The name(s) of the variable(s) to be accessed.

required

Returns:

Type Description

TensorVariable or list of TensorVariable: The input or output variable(s) corresponding to the given name(s).

Raises:

Type Description
KeyError

If the given name(s) do not match any input or output variable.

drop(variables)

Method for dropping variables from the dataset

Parameters:

Name Type Description Default
variables list[str]

list of str variables from the dataset to drop

required

Raises:

Type Description
KeyError

raises an error if any item in variables is not found in the dataset or item is the choice variable

Warning

Choice variable cannot be explicitly dropped.

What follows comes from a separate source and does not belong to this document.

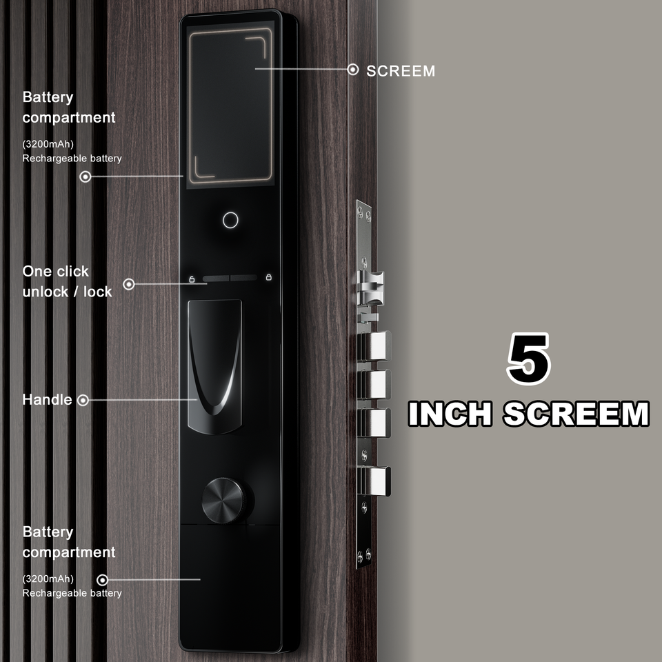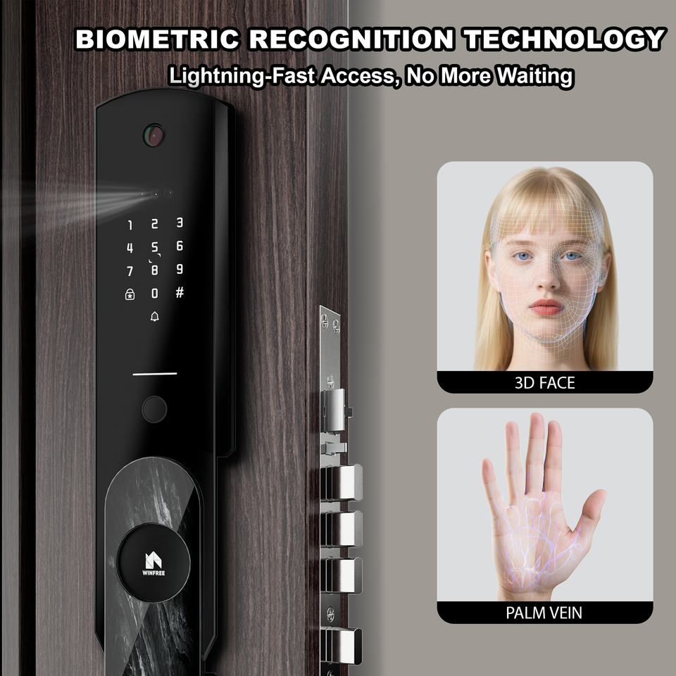 Serrure de porte intelligente à reconnaissance faciale avec entrée sans clé Wi-Fi et interphone vidéo Tuya pour la sécurité domestique

scale_variable(variable, factor)

Multiply values of the variable by 1/factor.

Parameters:

Name Type Description Default
variable str or list[str]

the name of the variable or a list of variable names

required
factor float

the scaling factor

required

split(frac)

Method to split the dataset into training and validation subsets based on a given fraction.

Parameters:

Name Type Description Default
frac float

The fraction to split the dataset into the training set.

required

Returns:

Type Description
None

None

Notes
  • The actual splitting of the dataset is done during the training procedure or when invoking the train_dataset() or valid_dataset() methods.

train_dataset(variables, index=None, batch_size=None, shift=None)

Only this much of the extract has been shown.